Data were described using Descriptive Statistics. One-way analysis of variance (ANOVA) was used to compare the means of more than two groups, followed by the Tukey (HSD)post hoc test for multiple pairwise comparisons of variance. Two-tailed Student’s t-test and the Mann–Whitney test were used to compare the means of two groups. Pearson’s correlation was used to evaluate the relationship between the mean number of stings for alarm pheromone and paraffin mixed with IPA over the experimental period. The non-parametric Kruskal–Wallis test, followed by multiple pairwise comparisons of variance using Dunn’s procedure, was used to compare the means of more than two groups that were not normally distributed. The XLSTAT statistical software version 2007.8.04 was used to conduct the analysis with levels of significance set at 5%.

3. Results

3.1. Experiment 1: Evaluating the Defensive Behavior of Honey Bees among Bred Lines

3.1.1. Effects of Assay (Alarm Pheromone, Isopentyl Acetate/Paraffin, and Empty Suedes) on Time and Intensity of Recruitment of Honey Bees on the Suede

The recruitment time of honey bees towards an assay was used to describe the level at which respective assays could alert bees under the same visual cue and environmental conditions. The degree of the crowdedness of honey bees around assays showed the intensity of the alert. The intensity of recruitment varied from high (for alarm pheromone) to average (for isopentyl acetate/paraffin) to low (for the empty suede) (Table 2). Using the alarm pheromone test, the time of recruitment of honey bees was marginally significant among bred lines (F4,235 = 2.386, p = 0.052) (Table 2).

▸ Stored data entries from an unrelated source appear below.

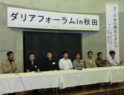 同フォーラムは日本ダリア会の主催で行われ、理事長を務める鷲澤幸治氏が経営する「秋田国際ダリア園」の開園25周年を記念し、同園んで開催されました。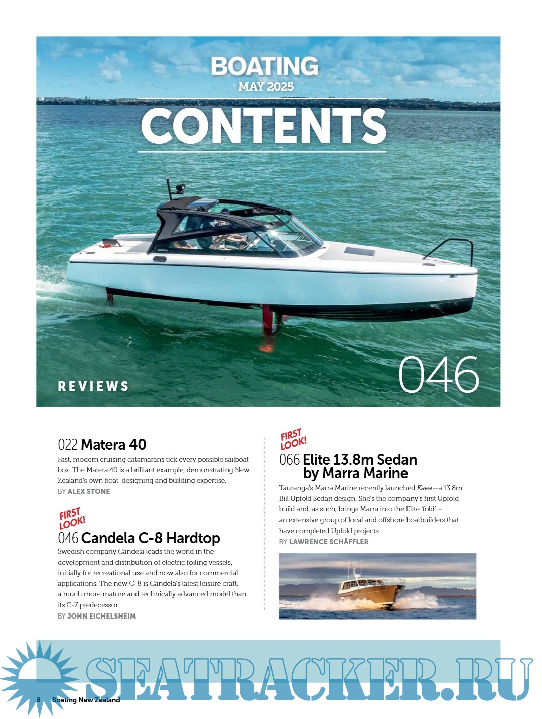 This issue features boat reviews of the Elite 13.8m Sedan Kaeā, set for the Marlborough Sounds; the practical Matera 40 catamaran; and the innovative electric Candela C-8. Features include the Yates family’s historic launch Silver Bell, Kawau Island’s sewage problem, and Tony Singe’s 50 years in the marine industry. Haines Hunter’s new vacuum-infused hardtops, fishing tackle tips, and repowering the Pelin Challenger are also covered. There’s a trailer boat trip to Tennyson Inlet, a preview of the 2025 Australian Wooden Boat Festival, a comparison of electric vs petrol outboards, and Yamaha’s hydrogen outboard debuting in New Zealand.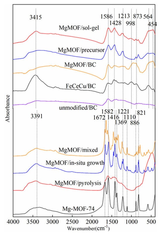 - In situ growth method: FeCeCu/BC was added to the Mg-MOF-74 precursor solution at a ratio of Mg-MOF-74: FeCeCu/BC = 1:1 and stirred for 30 min. The solution was placed in the reactor according to the synthesis method of Mg-MOF-74, and the resulting sample was denoted MgMOF/in situ growth.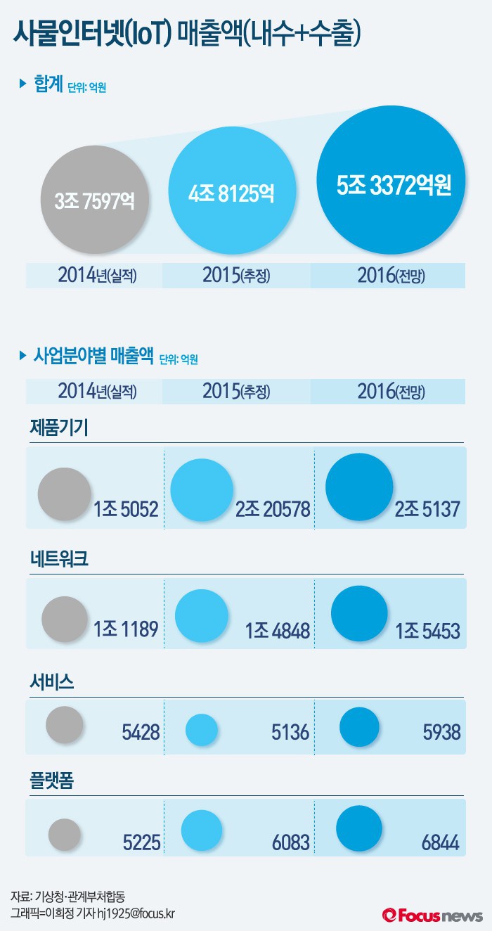 (서울=포커스뉴스) 19일 미래창조과학부가 발표한 '2015년 사물인터넷 산업 실태조사'에 따르면 지난해 사물인터넷 시장 매출액이 4조8125억원으로 전년(3조7597억원)에 비해 28% 증가했다.

Meanwhile, the time of recruitment varied significantly among bred lines when a mixture of paraffin and IPA was applied (F4,235 = 12.063, p < 0.0001) (Table 2). The time of recruitment for the control (empty suedes) did not differ significantly among bred lines (F4,92 = 0.105, p = 0.981) (Table 2). Within bred lines, the time of recruitment equally differed significantly between the three assays: line A (F2,116 = 79.457, p < 0.0001); line B (F2,111 = 86.603, p < 0.0001); Line C (F2,116 = 62.636, p < 0.0001); line D (F2,105 = 56.180, p < 0.0001); and line E (F2,114= 73.332, p < 0.0001).
Generally, the time of recruitment varied significantly among assays (F2,56 = 56.955, p < 0.0001). The mean time of recruitment for alarm pheromone, paraffin mixed with IPA, and the control was 6.52 s, 7.08 s, and 18.88 s, respectively (Figure 1). Similarly, the time of recruitment recorded for alarm pheromone and paraffin mixed with IPA differed significantly (t = 1.965, p = 0.0004). However, the time difference in recruitment between alarm pheromone and paraffin mixed with IPA was relatively small (0.56 s) compared to that of the control (12.36 s) (Figure S2).

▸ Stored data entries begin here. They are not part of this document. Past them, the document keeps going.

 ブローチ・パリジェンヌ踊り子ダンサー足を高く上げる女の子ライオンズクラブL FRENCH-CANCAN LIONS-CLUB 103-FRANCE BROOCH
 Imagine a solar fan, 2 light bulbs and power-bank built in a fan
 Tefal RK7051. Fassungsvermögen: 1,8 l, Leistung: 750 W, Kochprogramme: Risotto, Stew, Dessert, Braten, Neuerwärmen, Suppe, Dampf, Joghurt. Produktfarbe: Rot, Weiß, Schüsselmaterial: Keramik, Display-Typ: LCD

3.1.2. Behavioral Responses of Honey Bee Colonies to Different Assays

The behavioral response of honey bees, which culminated in a sting, varied according to assay and time of sampling (Figure 2). The results indicated that the mean number of stings for the three assays did not differ significantly at 10 s (F2,42 = 1.799, p = 0.178) but differed significantly at 30 s (F2,42 = 4.577, p = 0.016), 60 s (F2,42 = 5.082, p = 0.011), and 90 s (F2,42 = 6.983, p = 0.002) (Figure 2). Though no significant difference was found for the mean number of stings between alarm pheromone and paraffin mixed with IPA, it is evident that the mean number of stings was higher for alarm pheromone suedes compared to paraffin mixed with IPA suedes in all instances (Figure 2). This indicates that honey bees responded more to the alarm pheromone suedes than other suedes. The duration at which assays were exposed to honey bee colonies influenced their stinging response as the number of stings increased with the time of exposure (Figure 2).
Honey bees responded positively to the two chemical assays, but the rate of response was higher in response to alarm pheromone than paraffin mixed with IPA at all intervals (Figure 2). The mean number of stings for both chemical assays increased with increasing time of exposure. However, the degree of increase was higher in response to alarm pheromone suedes compared to those of paraffin mixed with IPA (Figure 3). A significantly positive correlation was recorded between honey bee response (number of stings) to the two chemical assays at different times of sampling (r = 0.848, p < 0.0001) (Figure 3).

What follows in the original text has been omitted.